Start of EXERCISE DATA
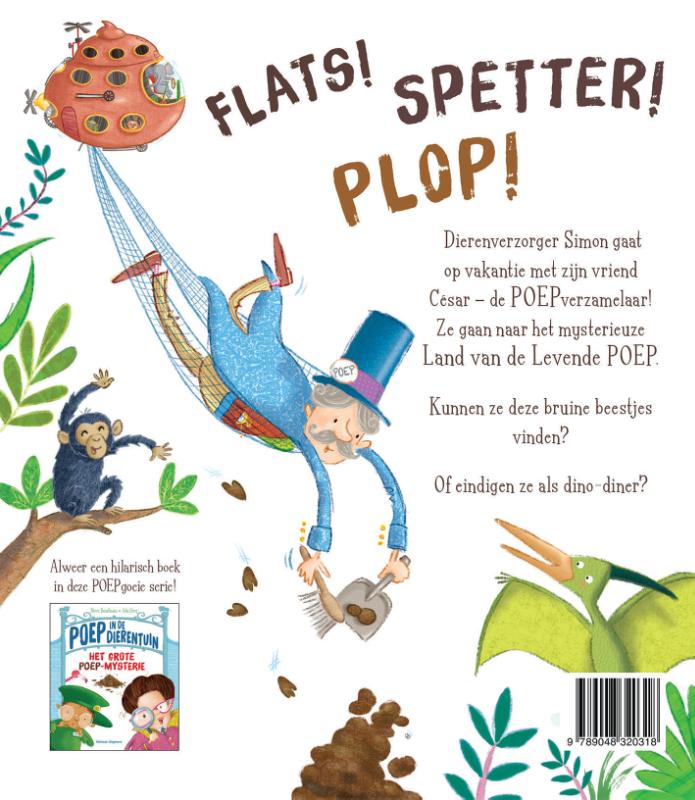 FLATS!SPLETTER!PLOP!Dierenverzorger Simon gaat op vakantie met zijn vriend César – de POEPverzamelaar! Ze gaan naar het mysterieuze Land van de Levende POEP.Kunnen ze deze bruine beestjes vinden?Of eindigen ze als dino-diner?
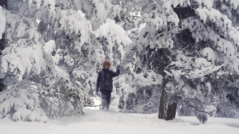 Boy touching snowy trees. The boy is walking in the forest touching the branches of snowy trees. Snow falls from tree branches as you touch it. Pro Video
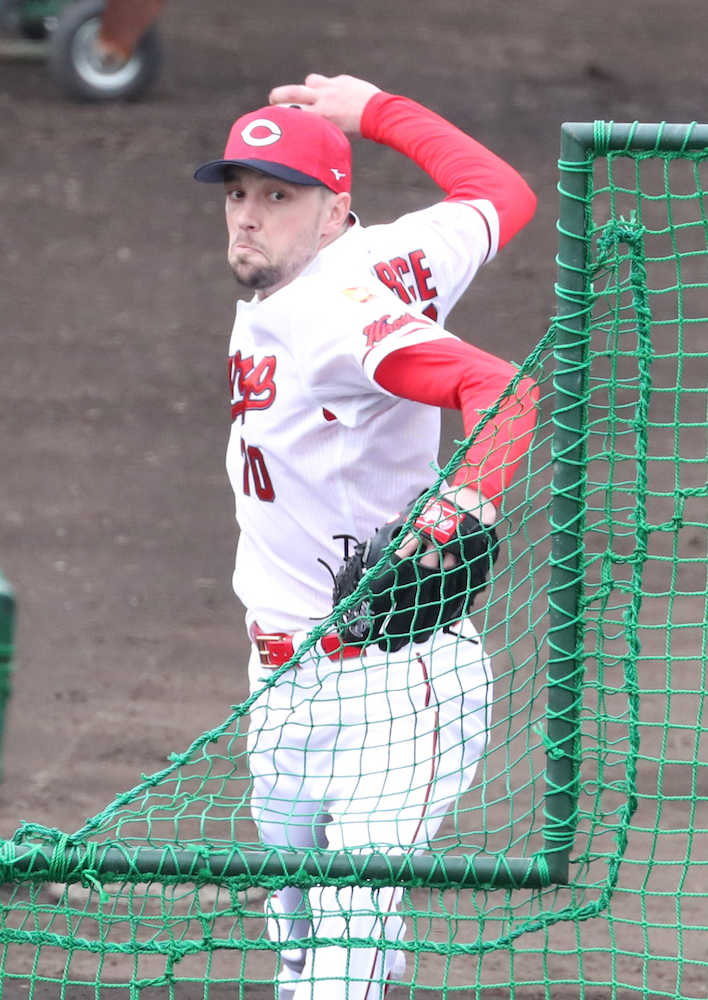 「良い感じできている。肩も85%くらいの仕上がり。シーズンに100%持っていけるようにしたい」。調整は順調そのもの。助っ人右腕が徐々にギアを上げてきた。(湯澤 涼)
End of EXERCISE DATA
Start of EXERCISE DATA
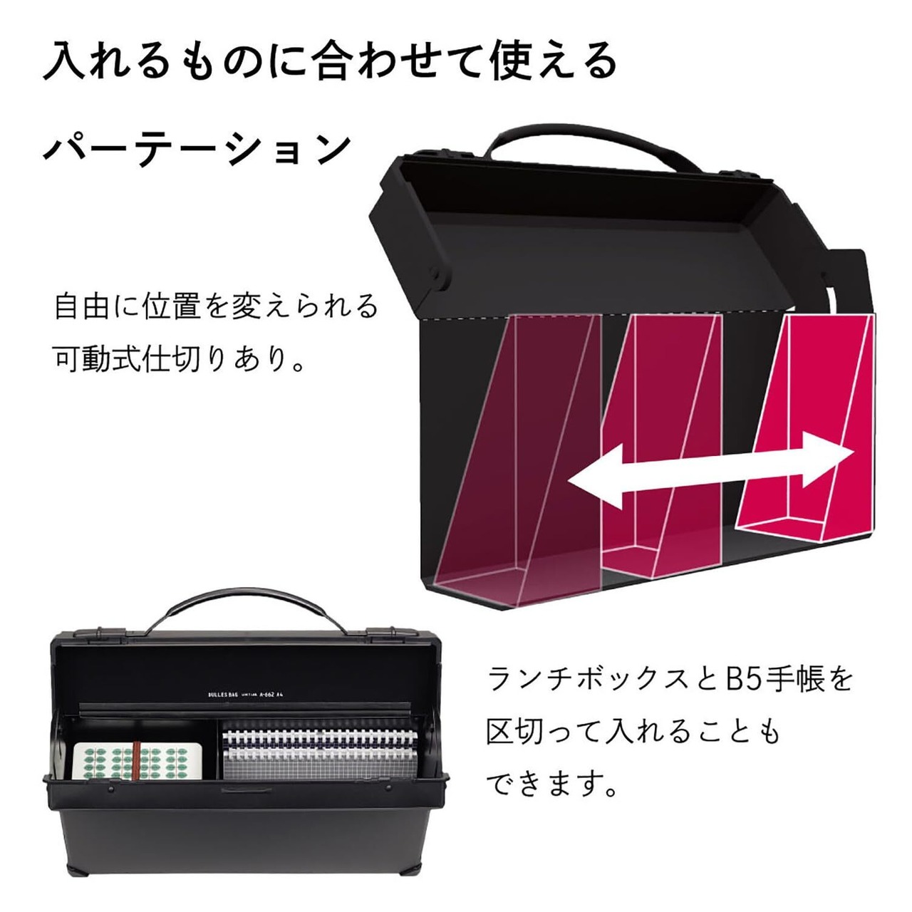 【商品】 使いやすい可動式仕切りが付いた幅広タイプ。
End of EXERCISE DATA
## TASK STATEMENT
Reproduce the lines above starting at the one with "FLATS!SPLETTER!PLOP!Dierenverzorger Simon gaat" and ending at the one with "Boy touching snowy", both included, exactly and with no pictures.

## ANSWER TO THIS EXERCISE
 FLATS!SPLETTER!PLOP!Dierenverzorger Simon gaat op vakantie met zijn vriend César – de POEPverzamelaar! Ze gaan naar het mysterieuze Land van de Levende POEP.Kunnen ze deze bruine beestjes vinden?Of eindigen ze als dino-diner?
 Boy touching snowy trees. The boy is walking in the forest touching the branches of snowy trees. Snow falls from tree branches as you touch it. Pro Video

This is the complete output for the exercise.